## EXERCISE DETAILS
Output each line of the listing exactly, though pictures are not to appear.

## DATA PROVIDED
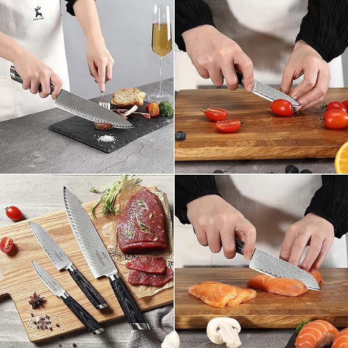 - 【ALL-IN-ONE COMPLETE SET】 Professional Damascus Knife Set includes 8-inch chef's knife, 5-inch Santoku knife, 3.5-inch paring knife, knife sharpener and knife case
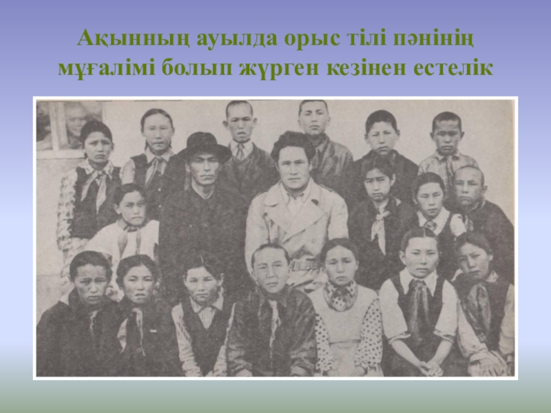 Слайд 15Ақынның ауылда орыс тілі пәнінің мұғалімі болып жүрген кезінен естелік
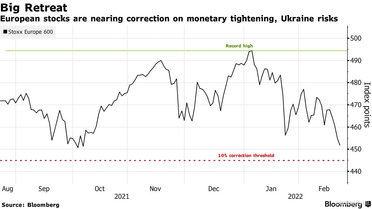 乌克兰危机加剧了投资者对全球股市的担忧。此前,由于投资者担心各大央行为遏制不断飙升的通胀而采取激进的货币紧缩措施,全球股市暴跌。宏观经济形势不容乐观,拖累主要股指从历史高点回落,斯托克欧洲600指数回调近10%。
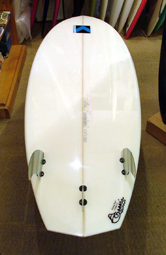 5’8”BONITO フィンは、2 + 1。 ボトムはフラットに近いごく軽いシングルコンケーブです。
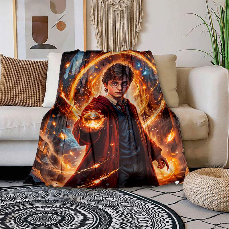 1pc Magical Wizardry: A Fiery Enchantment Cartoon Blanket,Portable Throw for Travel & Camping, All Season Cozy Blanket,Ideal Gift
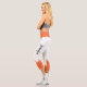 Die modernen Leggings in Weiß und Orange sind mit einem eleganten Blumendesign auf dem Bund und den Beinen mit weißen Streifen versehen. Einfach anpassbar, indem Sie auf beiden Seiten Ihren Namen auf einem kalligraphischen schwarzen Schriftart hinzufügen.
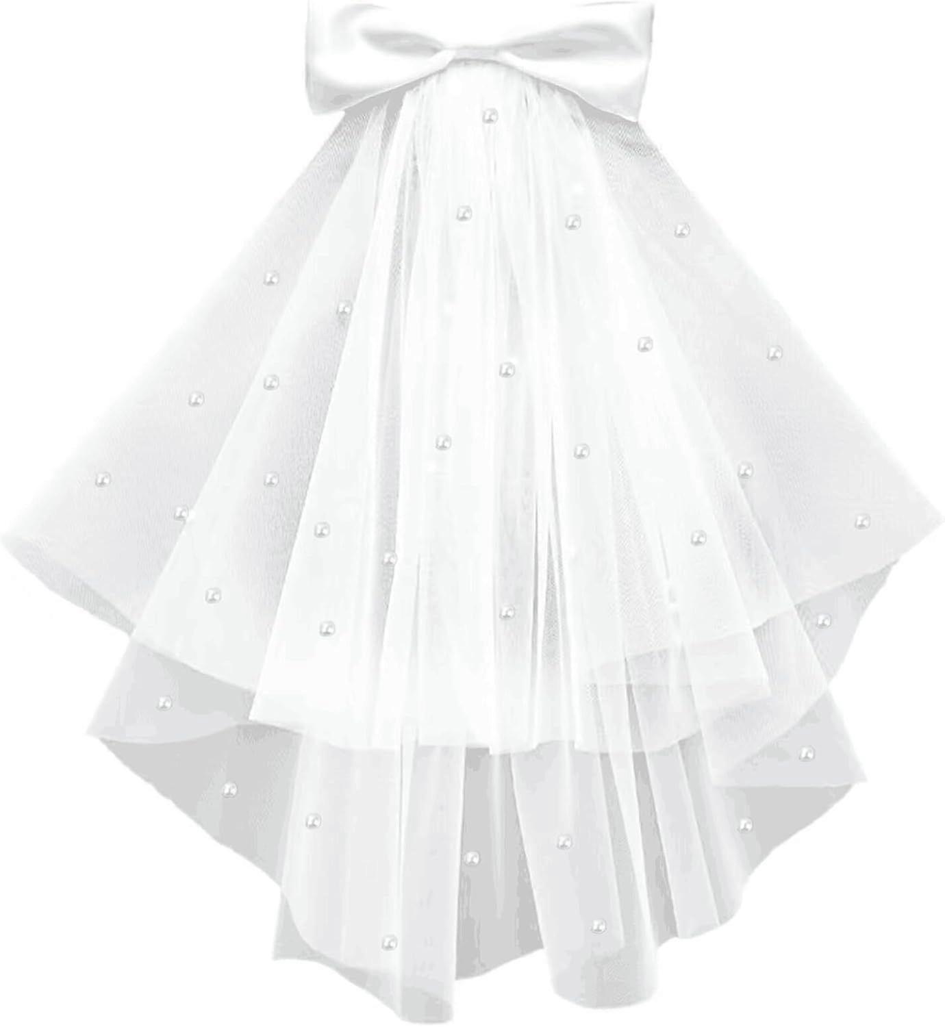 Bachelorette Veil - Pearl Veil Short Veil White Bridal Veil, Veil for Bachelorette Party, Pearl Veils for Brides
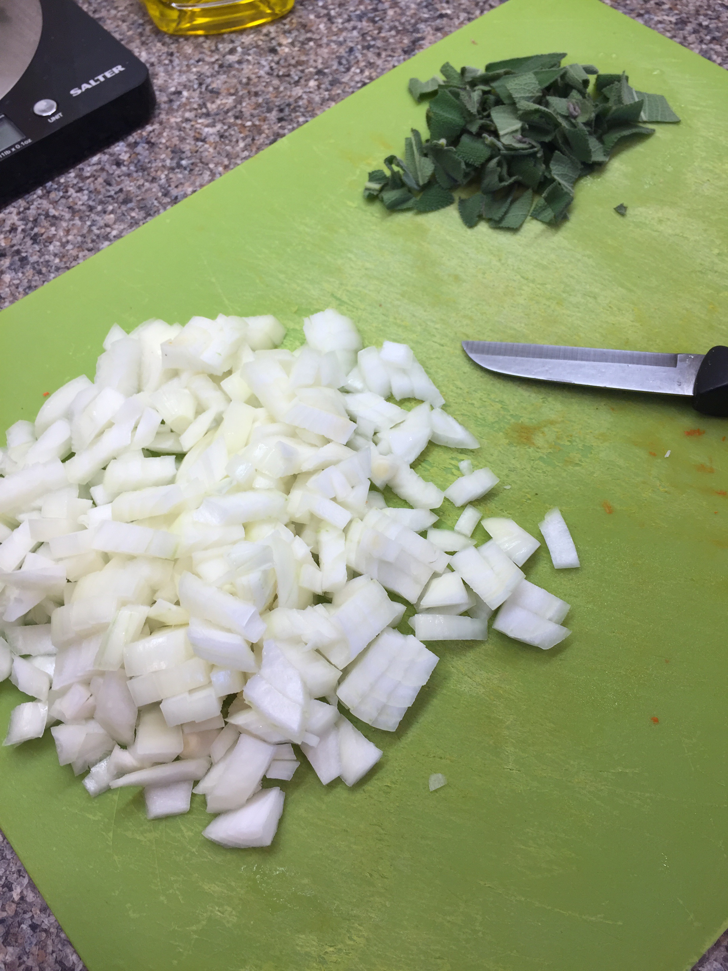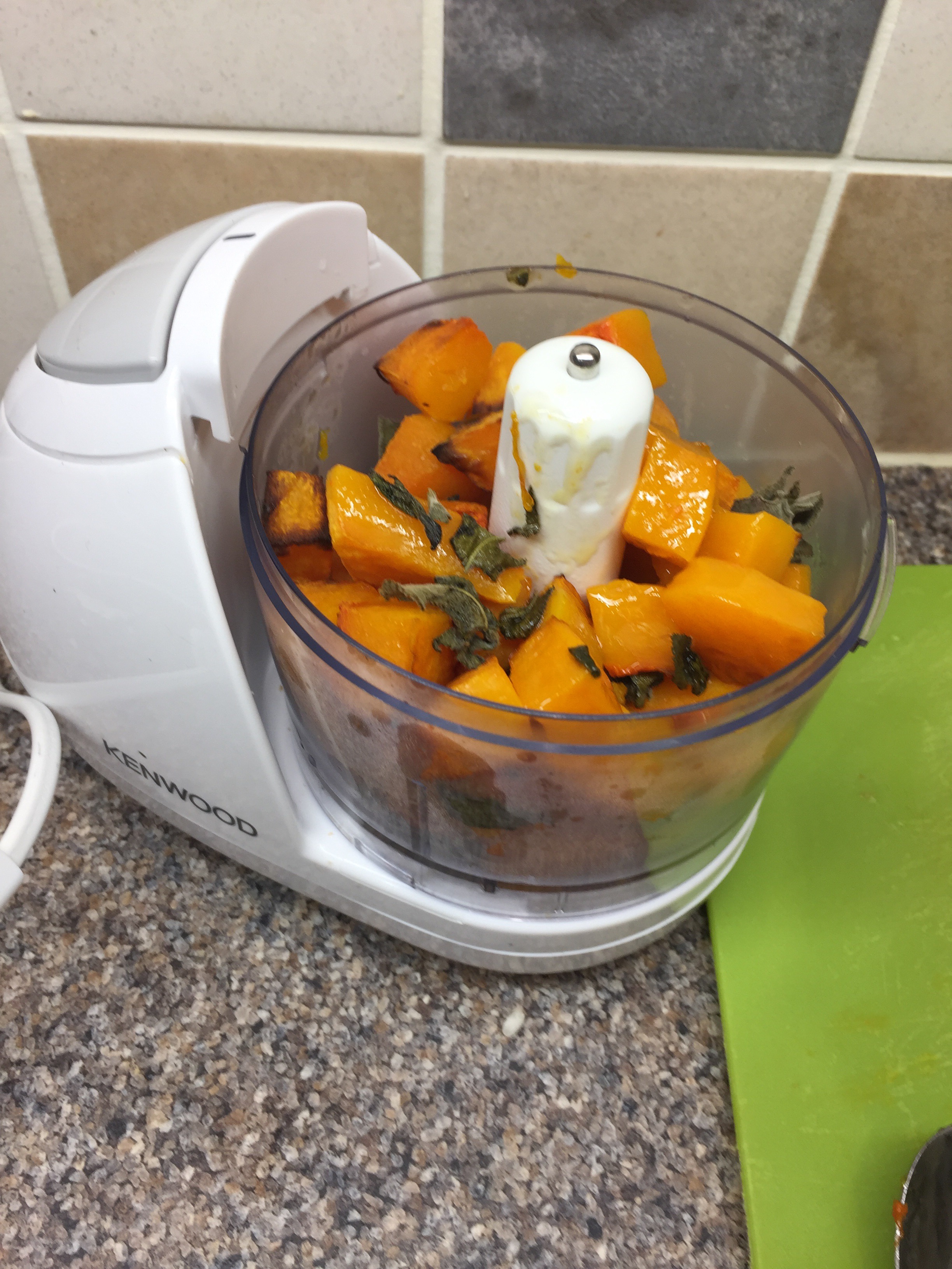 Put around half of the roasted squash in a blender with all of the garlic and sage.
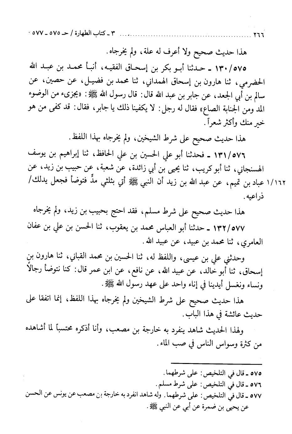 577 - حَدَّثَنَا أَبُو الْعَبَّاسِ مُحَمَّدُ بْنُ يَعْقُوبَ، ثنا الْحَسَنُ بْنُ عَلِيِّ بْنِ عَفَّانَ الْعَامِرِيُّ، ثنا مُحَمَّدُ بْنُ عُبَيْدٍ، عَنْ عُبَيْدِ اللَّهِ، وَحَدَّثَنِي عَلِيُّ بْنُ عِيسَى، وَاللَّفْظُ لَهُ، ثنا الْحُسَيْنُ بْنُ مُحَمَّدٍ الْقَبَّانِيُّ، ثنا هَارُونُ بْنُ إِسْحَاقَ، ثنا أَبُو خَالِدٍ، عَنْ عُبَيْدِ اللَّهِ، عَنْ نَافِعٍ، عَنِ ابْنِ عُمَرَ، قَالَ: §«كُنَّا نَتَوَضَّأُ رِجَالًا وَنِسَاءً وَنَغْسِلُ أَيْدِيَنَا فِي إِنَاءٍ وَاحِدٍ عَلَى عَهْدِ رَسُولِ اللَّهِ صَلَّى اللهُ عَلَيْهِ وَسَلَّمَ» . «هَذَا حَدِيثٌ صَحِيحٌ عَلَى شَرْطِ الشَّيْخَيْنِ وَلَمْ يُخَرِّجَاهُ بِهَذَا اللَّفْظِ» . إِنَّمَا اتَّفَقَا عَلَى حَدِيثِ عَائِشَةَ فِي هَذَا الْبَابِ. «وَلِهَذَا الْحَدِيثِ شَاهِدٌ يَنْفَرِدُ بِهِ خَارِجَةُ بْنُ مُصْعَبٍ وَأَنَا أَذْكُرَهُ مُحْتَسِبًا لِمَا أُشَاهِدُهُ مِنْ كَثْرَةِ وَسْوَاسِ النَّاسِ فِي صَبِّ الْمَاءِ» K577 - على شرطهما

## ANSWER AREA
 - 【ALL-IN-ONE COMPLETE SET】 Professional Damascus Knife Set includes 8-inch chef's knife, 5-inch Santoku knife, 3.5-inch paring knife, knife sharpener and knife case
 Слайд 15Ақынның ауылда орыс тілі пәнінің мұғалімі болып жүрген кезінен естелік
 乌克兰危机加剧了投资者对全球股市的担忧。此前,由于投资者担心各大央行为遏制不断飙升的通胀而采取激进的货币紧缩措施,全球股市暴跌。宏观经济形势不容乐观,拖累主要股指从历史高点回落,斯托克欧洲600指数回调近10%。
 5’8”BONITO フィンは、2 + 1。 ボトムはフラットに近いごく軽いシングルコンケーブです。
 1pc Magical Wizardry: A Fiery Enchantment Cartoon Blanket,Portable Throw for Travel & Camping, All Season Cozy Blanket,Ideal Gift
 Die modernen Leggings in Weiß und Orange sind mit einem eleganten Blumendesign auf dem Bund und den Beinen mit weißen Streifen versehen. Einfach anpassbar, indem Sie auf beiden Seiten Ihren Namen auf einem kalligraphischen schwarzen Schriftart hinzufügen.
 Bachelorette Veil - Pearl Veil Short Veil White Bridal Veil, Veil for Bachelorette Party, Pearl Veils for Brides
 Put around half of the roasted squash in a blender with all of the garlic and sage.
 577 - حَدَّثَنَا أَبُو الْعَبَّاسِ مُحَمَّدُ بْنُ يَعْقُوبَ، ثنا الْحَسَنُ بْنُ عَلِيِّ بْنِ عَفَّانَ الْعَامِرِيُّ، ثنا مُحَمَّدُ بْنُ عُبَيْدٍ، عَنْ عُبَيْدِ اللَّهِ، وَحَدَّثَنِي عَلِيُّ بْنُ عِيسَى، وَاللَّفْظُ لَهُ، ثنا الْحُسَيْنُ بْنُ مُحَمَّدٍ الْقَبَّانِيُّ، ثنا هَارُونُ بْنُ إِسْحَاقَ، ثنا أَبُو خَالِدٍ، عَنْ عُبَيْدِ اللَّهِ، عَنْ نَافِعٍ، عَنِ ابْنِ عُمَرَ، قَالَ: §«كُنَّا نَتَوَضَّأُ رِجَالًا وَنِسَاءً وَنَغْسِلُ أَيْدِيَنَا فِي إِنَاءٍ وَاحِدٍ عَلَى عَهْدِ رَسُولِ اللَّهِ صَلَّى اللهُ عَلَيْهِ وَسَلَّمَ» . «هَذَا حَدِيثٌ صَحِيحٌ عَلَى شَرْطِ الشَّيْخَيْنِ وَلَمْ يُخَرِّجَاهُ بِهَذَا اللَّفْظِ» . إِنَّمَا اتَّفَقَا عَلَى حَدِيثِ عَائِشَةَ فِي هَذَا الْبَابِ. «وَلِهَذَا الْحَدِيثِ شَاهِدٌ يَنْفَرِدُ بِهِ خَارِجَةُ بْنُ مُصْعَبٍ وَأَنَا أَذْكُرَهُ مُحْتَسِبًا لِمَا أُشَاهِدُهُ مِنْ كَثْرَةِ وَسْوَاسِ النَّاسِ فِي صَبِّ الْمَاءِ» K577 - على شرطهما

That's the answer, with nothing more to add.